In case you are batting for Naina, do not despair. She is living in the most eventful 24 hours on earth! In these 24 hours, relationships are made and broken, fortunes are made and lost, and everybody leaves that railway station a changed man/woman. So one cannot really predict what is going to happen - unless, of course, one is a seasoned film-viewer and can foretell the future of a hero/heroine after the first 30 minutes of the film!
This was Sunil Dutt’s Hindi film debut and, for a first film, he is surprisingly good. His Ram runs through a gamut of emotions – from helpless anger, dreams of grandeur, sweet helpfulness and (of course!) macho pride – very convincingly. It helps that Sunil Dutt looks as young and callow as the character he portrays. The rest of the cast is pretty effective too. I loved Sheila Ramani. She looks gorgeous and makes as glamorous a run-away princess as one could wish for! Johnny Walker, cast in a very unusual role, was a delightful surprise. This is the closest I’ve ever come to seeing him play a masala villain, and his Naubat Singh is quite easy to hate!
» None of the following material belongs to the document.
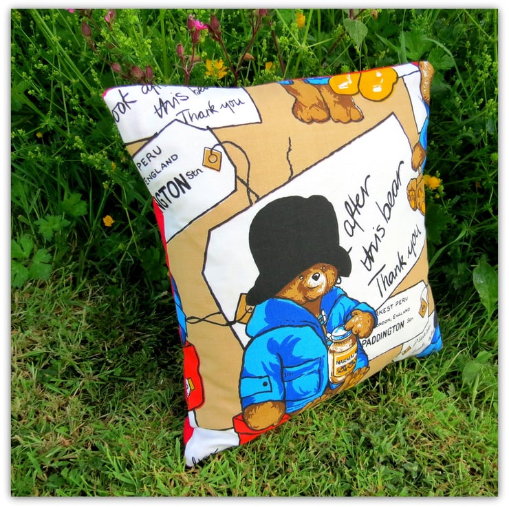 This is a 38cm x 38cm cushion, (15.2 x 15.2 inches) featuring Paddington Bear.

I loved how the film didn’t go for over-the-top villains. The bad guys weren’t unreasonably bad – Naubat was the worst, and he was only a businessman making a quick buck. Even the good guys weren’t all good. Naina, for all her virtue and goodness, avenged the slap to her Babuji by giving Indira a good drubbing! And Ram, the idealist, was easily dazzled by dreams of money.
On the minus side, I felt that the film bit off a whole lot more than it could chew. It touched upon class differences, opportunistic businessmen, unemployment, injustice, romance, religion… every possible social issue, in fact! It was all very well done, except The End. I know that everything has to be tidied up at the end, but must it also end with improbable reformations? And that too, within 24 hours?! Its the kind of plot that would lend itself better to a tele-serial of the ye olde DoorDarshan variety, with more room for the rest of the ensemble cast to perform and for each of the interesting side characters to develop into something more than mere stereotypes.
But all said and done, I enjoyed every minute of it, and wish I could have 24 hours even half as eventful!
*Andher nagri = dark town. Its part of the Hindi saying Andher nagri chaupat raja, taka ser bhaji taka ser khaja – a bad town, a useless king and everything in chaos.
**Dekh tere bhagwan ki haalat is a parody of Dekh tere sansaar ki haalat – poet Pradeep’s lament against contemporary morality and culture.